Wednesday, June 07, 2006

Gotta love an ego boost!

My day job appears to be, at first glance, the mirror image of the creative sloth that is sitting here, at eleven pm, trying to type one handed because the other hand is holding a Marlboro.

But now I realize that my daily bread-earning compliments my muse-seeking side. Accounting has become my yen to my yang. My black to my white. My classical to my heavy-metal.

And today, those two sort-of met in the middle.

You see, I am a Purchaser by trade. Yes, read 'em and weep ladies-- I SHOP for a living. Mind you, I'm not out perusing Prada. I work for a fairly small but elite Marble Mosaics company. Anything that is needed for the company or it's workers, I buy it. From saw blades to copy paper.

Recently, I was asked to get quotes for employee t-shirts. I fired back that I couldn't get accurate quotes without the full t-shirt design. I was emailed the t-shirt design, which turned out to be nothing more than 1 graphic that they wanted to use on the back of the shirts. I was told to figure out the rest. So I did.

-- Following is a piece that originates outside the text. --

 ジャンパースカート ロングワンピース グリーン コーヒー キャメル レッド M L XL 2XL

And after corresponding all morning with the Marketing and Promotions guy via long-distance email. He said that I did a really good job, and had I ever considered Graphic Design. Yippie!


I repeat, YIPPIE!

Did I mention the company has a design center. A loft high above production where David Bowie is inclined to follow Enya on the CD changer. A place where CAD (computer aided drafting) and watercolor renderings co-mingle. A place where all the desktops are beautiful marble slabs.

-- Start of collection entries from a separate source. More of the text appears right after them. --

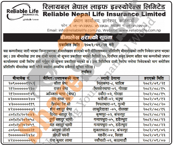 Reliable Nepal Life Insurance Limited has published a notice regarding a claim for lost share certificates.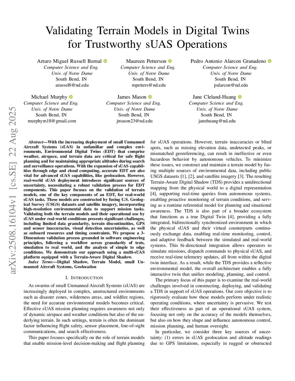 With the increasing deployment of small Unmanned Aircraft Systems (sUAS) in unfamiliar and complex environments, Environmental Digital Twins (EDT) that comprise weather, airspace, and terrain data are critical for safe flight planning and for maintaining appropriate altitudes during search and surveillance operations. With the expansion of sUAS capabilities through edge and cloud computing, accurate EDT are also vital for advanced sUAS capabilities, like geolocation. However, real-world sUAS deployment introduces significant sources of uncertainty, necessitating a robust validation process for EDT components. This paper focuses on the validation of terrain models, one of the key components of an EDT, for real-world sUAS tasks. These models are constructed by fusing U.S. Geological Survey (USGS) datasets and satellite imagery, incorporating high-resolution environmental data to support mission tasks. Validating both the terrain models and their operational use by sUAS under real-world conditions presents significant challenges, including limited data granularity, terrain discontinuities, GPS and sensor inaccuracies, visual detection uncertainties, as well as onboard resources and timing constraints. We propose a 3-Dimensions validation process grounded in software engineering principles, following a workflow across granularity of tests, simulation to real world, and the analysis of simple to edge conditions. We demonstrate our approach using a multi-sUAS platform equipped with a Terrain-Aware Digital Shadow.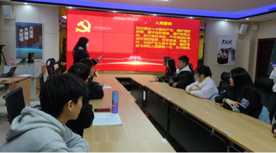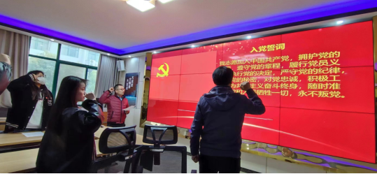 入党宣誓仪式由组织员张宾宾主持,宣誓仪式在庄严的国际歌中拉开序幕,接着,组织员张宾宾宣读了新发展的党员名单,并带领大家在党旗下庄严宣誓,进一步坚定了新发展党员的理想信念。

Yes, I've considered it. I would love it. I wonder, though, if my creative juices would run even drier after a full days worth of being artistic. I might loose my Yen. or whatever.

~K.

Tuesday, June 06, 2006

Crap, the guilt cometh!


Okay, so I felt a little guilty blaming my kids for becoming such a boring, unimaganitive mom, that I had to give them some air time.

Owen will be 5 next month, and he has really grown up in the last few months. Mind you, he can still throw a 3 year-olds temper tantrum like it was nobody's business, but I can plainly see that my first baby is no longer a baby.

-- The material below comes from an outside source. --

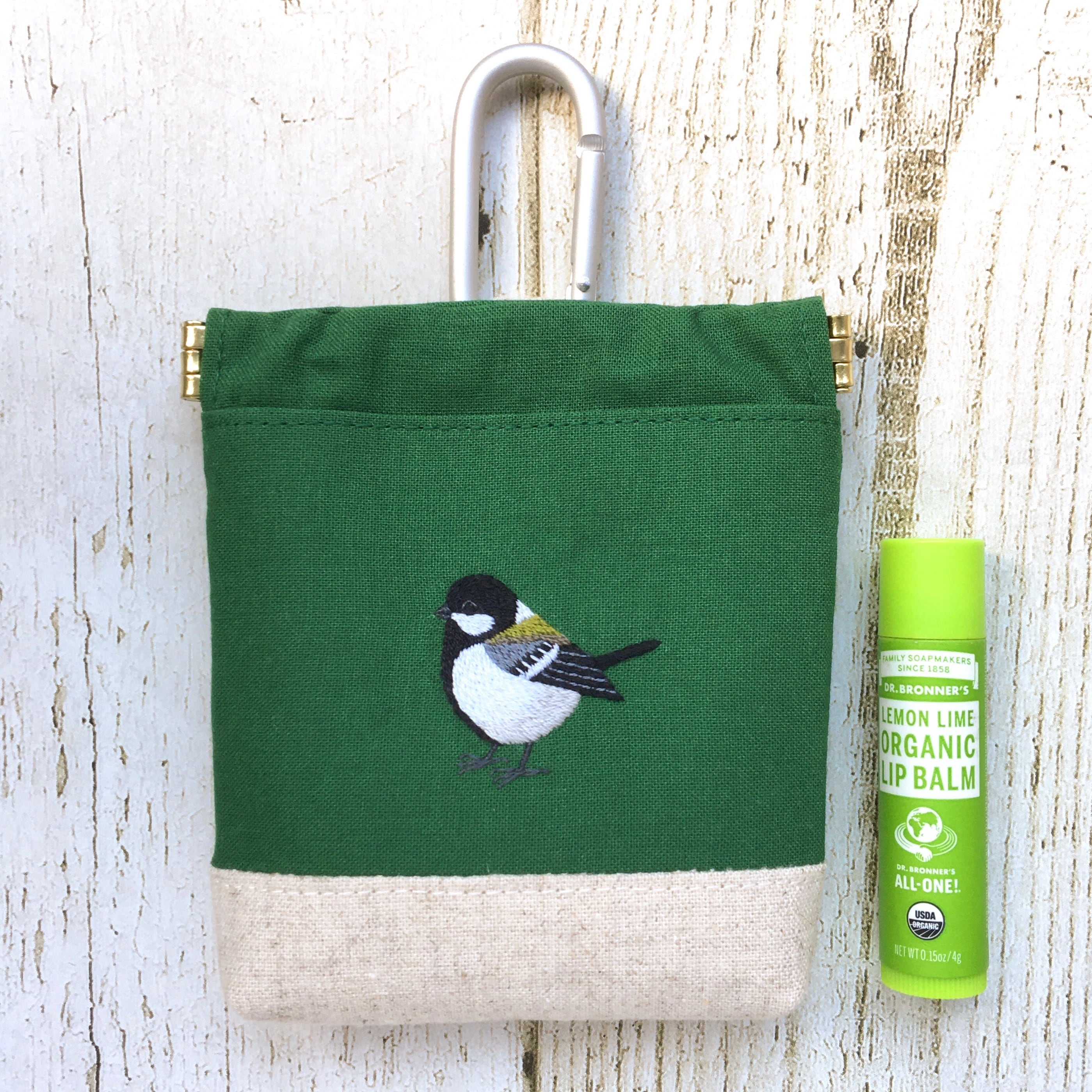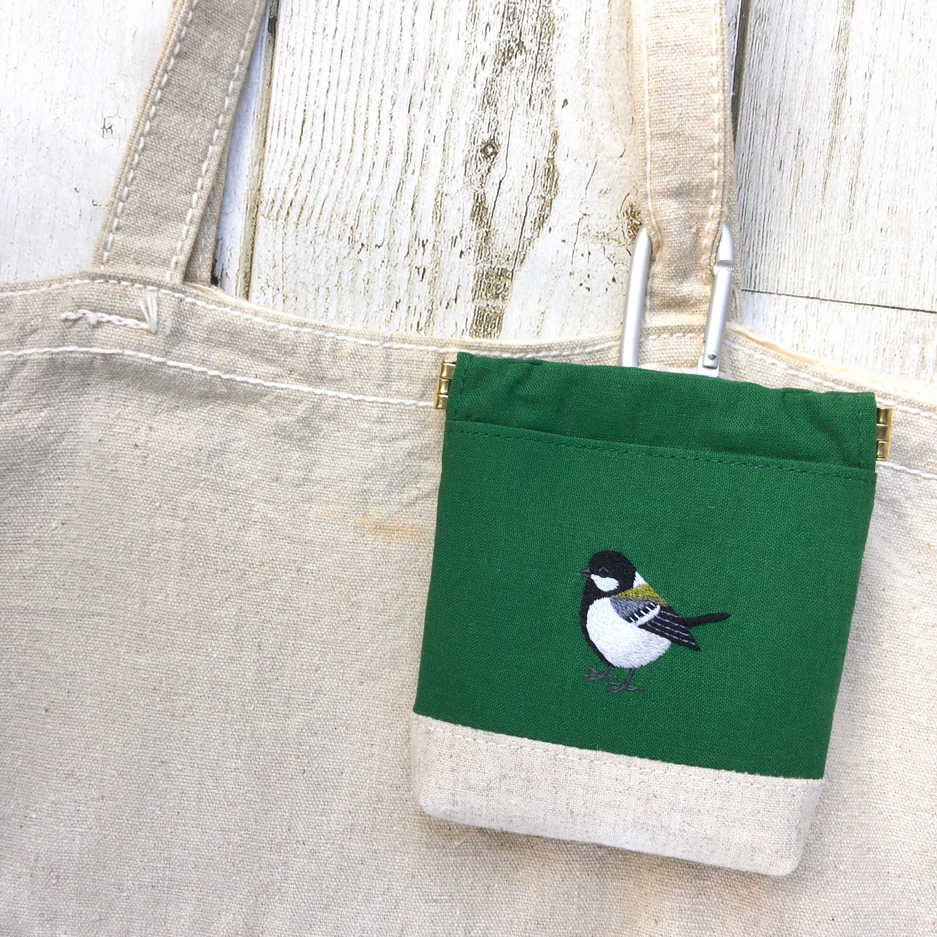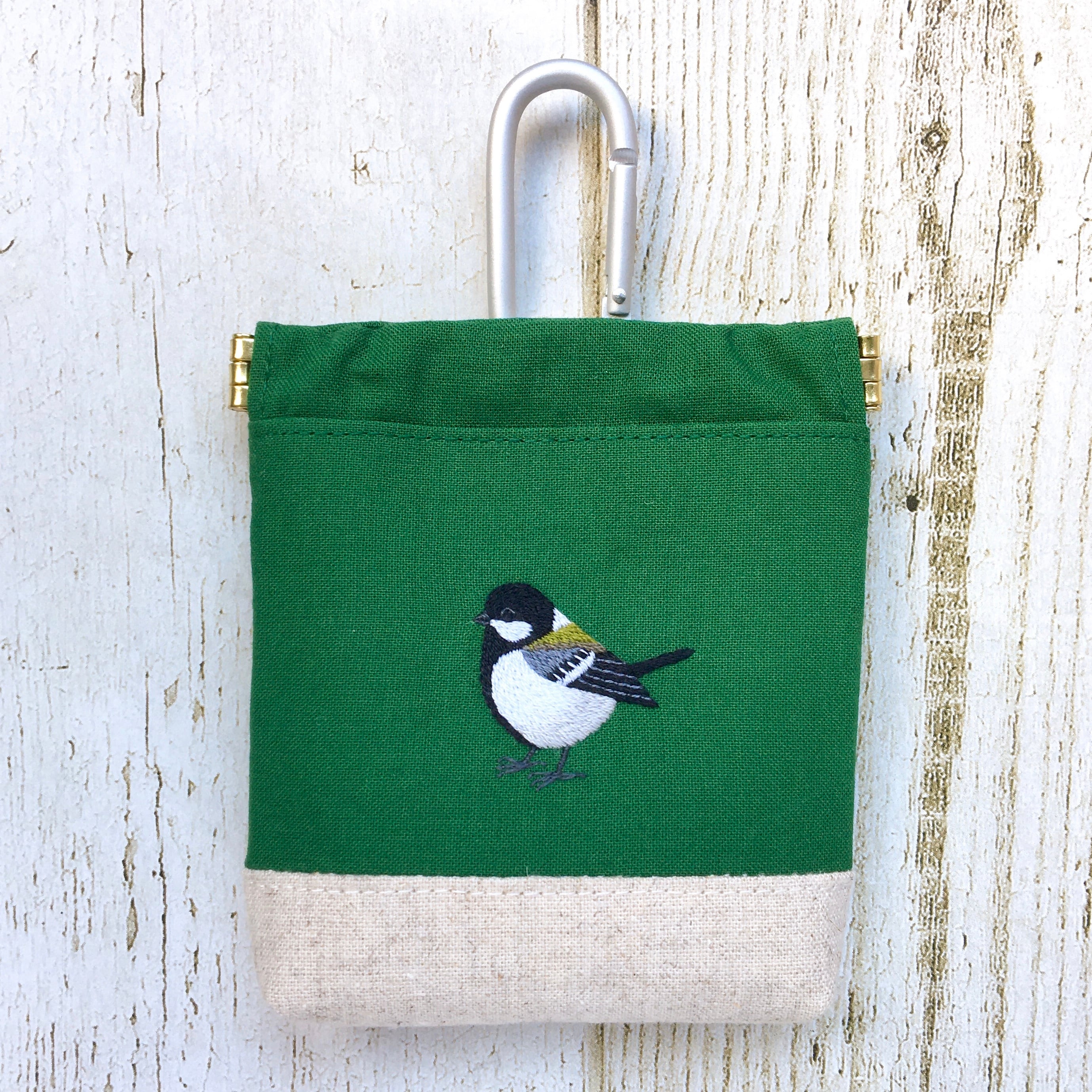 緑色の背中が美しく、仲間同士で会話をしているという研究が話題にもなった身近な野鳥シジュウカラをワンポイント刺繍したバネ口のポーチです。

He has his Preschool graduation last week, and I was startled to see the fruit of my loins actually behaving like a little man, all dressed up in his shirt and tie. I will not go into how I felt to see him don the ceremonial cap and gown.


(Don't blame me for the Bambi-killing...that one's all on his redneck father, bless his heart)

And Emma, what can I say about her except that she is most assuredly my daughter, sent from heaven to remind me how stubborn, opinionated, and demanding a child that I was.

And boy does she do a bang-up job of it. Sometimes I say she's all girl, like when she waltzes in after preschool and announces that she is changing her clothes, which usually results in a large ambigous pile of clothes that I have no choice but to wash.

Other times, though, she is the reincarnated tomboy of my childhood, giving the goods back to her brother before he has time to realize, literally, what hit him.

While at the beach the other day, Owen kept close company near me, not trusting the water to stay in the ocean. Emma, on the other hand, walked right down to the water's edge, plopped down and dug a hole (repeatedly, I might add, becasue the waves kept erasing her handiwork.

Night and day, those two. And I wouldn't have it any other way!

Good night, and good luck!

Oh Where, Oh Where Can She Be?



I just don't get it, this inability to take action. Those last ten words add up to more than I have written in a month, if you don't count snappy emails and terse business memos.

I used to be such a creative person. I handpainted my children's dressers, not because I couldn't afford new ones, but because I wanted to! I blogged, I plotted, I tinkered, I painted, I edited, I mused....

(I wrote and designed the ebook & cover you see at left)

And for the last six months, nothing. Nada. Zip.

My most creative thought today was, well shit! I forgot that too! I am seriously worried that I have lost "the essense of me". Before I had kids, or at least the second kid, I was a much more interesting person. But now that I have a 4 and a 5 year old, I feel so much duller.

Maybe it's because I've always been a solitary person, and now I have nothing to myself. I don't mean to imply that I sat home reading a dusty tome while others where out tapping a keggar. I enjoyed binge drinking until I passed out, fell down concrete steps and awoke sitting in the passenger seat of my white camero covered in vomitus-- for example-- just as much as the next gal. But I digress...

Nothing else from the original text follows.